Türkiye ile Mısır arasında 'yeni sayfa' dönemi!
Mısır Dışişleri Bakanı Sami Şükrü, ilişkilerin bozulduğu 2013 yazından bu yana Türkiye’ye giden ilk üst düzey yetkili oldu. Yapılan bu ziyaret iki ülke arasında geçmişte yaşanan sorunların çözümü için yeni bir sayfa olarak değerlendiriliyor.
Türkiye’de 6 Şubat’ta yaşanan ve 44 binden fazla insanın ölümüne neden olan deprem felaketi, diplomatik alanda önemli bir hareketliliğe yol açtı. Dayanışma ve destek sağlayan ülkeler arasında Türkiye’nin son dönemde ilişkilerini düzeltmeye çalıştığı İsrail, Ermenistan, Yunanistan ve Mısır da yer aldı.

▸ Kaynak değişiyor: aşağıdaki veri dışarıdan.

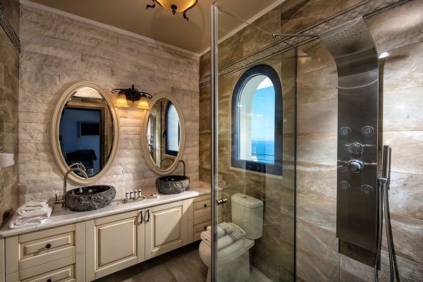 Villa Santorini sits atop a dramatic cliff that makes it seem like the dividing line between the sea and sky. Shining bright white for all to see, it stands against the bold blue seas in glorious contrast that immerses our guests in the true Greek Island experience. Villa Santorini was designed to reflect the architecture found in the Caldera, where classic white buildings and blue-domed roofs reflect the bright Greek sun. Here we pay homage to the great architecture that is renowned throughout the world. Our villa not only reflects the bright sun and the wine-dark Aegean but immerses our guests into the world of Antiquity. It is very easy to picture ships below, manned by Odysseus on his search for a home. When guests relax in our courtyard or gardens, the rustling of the distant olive groves and the hum of cicadas transports them to a far-off time of mystery and imagination. Though Villa Santorini is situated in the town of Lygaria, it is only 10 minutes away from the beautiful beach town of Agia Pelagia, where guests can find many incredible tavernas, shops, and nightspots. It is a beautiful cove with crystal blue waters, soft white sand, small cliffs to dive from, and a relaxed atmosphere that is unique to this small town. Villa Santorini is only 30 minutes from the Heraklion airport, and 15 minutes from Downtown Heraklion.

Mısır Dışişleri Bakanı Sami Şükrü, ilişkilerin bozulduğu 2013 yazından bu yana Türkiye’ye giden ilk üst düzey yetkili oldu.
Mısırlı Bakan, Şam’a yaptığı ziyaretin ardından Adana’ya gitti; Dışişleri Bakanı Çavuşoğlu ile önce depremin etkilediği bölgeyi havadan inceledi ve sonra Mısır’dan gelen insani yardım gemisini karşılamak üzere Mersin’e geçti.
Çavuşoğlu ve Şükrü, ikili görüşmelerini Adana Havalimanı’nda yaparken, basın açıklaması ise Mersin Uluslararası Limanı’nda gerçekleştirildi.
“Havaalanında yaptığımız görüşmelerde ilişkilerimizi daha geliştirmek için hangi adımları atabileceğimizi, görüşmeleri gerçekleştirebileceğimizi görüştük” bilgisini veren Çavuşoğlu, depremlerin hemen ardından Türk halkının yardımına koşan Mısır ile ilişkilerde “yeni sayfalar” açıldığını kaydetti.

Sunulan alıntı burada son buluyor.